Short Stories for Teachers

Teaching Students With the Power of Solar
By:Nathan Lew

Seventeen years ago, two Cal Arts professors started the Side Street project, a Pasadena, California-based arts organization which every year reaches 1,000 children ages 5-11 and teaches them how to use tools and create unique objects out of wood.

Operating from mobile units, or travel trailers, these hands-on teaching programs are so economically conservationist, 80 percent of donations go directly to delivering services. To stretch the money even further, a year ago Side Streets purchased solar panels with a $50,000 grant from The Ahmanson Foundation - installation overseen by Side Street's staff and volunteers.

This 3,000-watt solar array delivers needed power to light the mobile teaching units and to power tools and other electrical units within the trailers. The teaching trailers currently reside at 730 North Fair Oaks, on unused land donated by the city, but when this lease expires they are mobile enough to take up residence elsewhere, displaying what one Side Streets worker has dubbed "stability through mobility". Like turtles in their shells, the trailers can move on a moment's notice if need be, though they have one advantage turtles lack; mobile power through solar energy.

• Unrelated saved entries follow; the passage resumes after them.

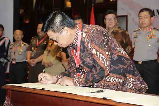 Penandatanganan disaksikan langsung oleh Menteri Dalam Negeri (Mendagri) Tjahjo Kumolo, serta perwakilan dari Kepolisian Republik Indonesia (Polri) dan Kejaksaan Agung RI di sela acara Rapat Koordinasi (Rakor) Pengawasan Penyelenggaraan Pemerintah Daerah Tingkat Nasional (Rakorwasdanas) Tahun 2018 di Birawa Assembly Hall Hotel Bidakara, Jalan Gatot Soebroto Jakarta, Senin (7/5).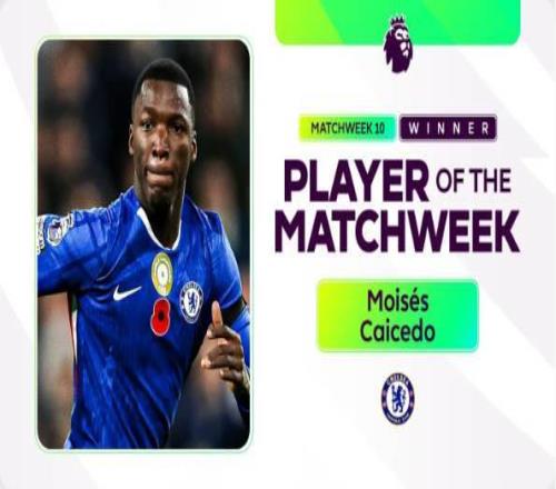 官方:切尔西中场凯塞多被评为英超第10轮最佳球员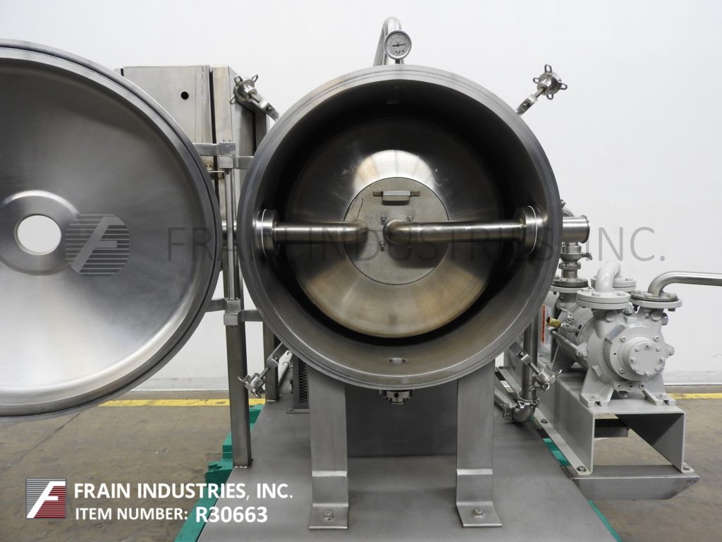 Cornell Model D26, "Versator", deaerator, with vacuum system rated from 5 to 125 gallons and 1000 to 3200 rpm per minute – depending on materials, application and machine configuration. Equipped with a 26" diameter product rotating disc, (2) 2" NPT side chamber product charge and discharge ports, (1) 1½" NPT top vacuum port, pressure gauge and 2" NPT bottom drain. Swing open bolt down door has (2) 7¼" OD / 3½" ID front flanged sight ports, 15 Hp (4) belt to motor main drive with safety guarding and Stokes Model 148H-9 2 hp vacuum system with (2) 1¾" NPT fittings. Mounted on a 72" long x 49" wide base platform frame.

Side Street's programs are becoming increasingly important as cash-strapped school districts, confronted by decreasing enrollment, lowered funding and an increasingly negative economy, are forced to close on-site art programs.

The combination of mobility and solar energy has allowed the organization to reach more children in a timely manner at less expense. Without the cost of office rent and electricity, Side Streets mobile units are now focused on expanding their services to include high school students, and expand program offerings to include art media other than wood.

To fulfill this objective, Side Streets plans to purchase two more trailers, hopefully also solar-equipped, which they will also convert to classrooms with interchangeable work stations. That way, they can reduce student costs more than 30 percent and still quadruple capacity.

This sort of thinking, so far outside the box it is mind-boggling, may represent a wave of the future in which mobile teaching units serve smaller and smaller but geographically disparate student bodies more effectively. Given the cost structure of modern school districts, it may in fact be an idea which has found its time.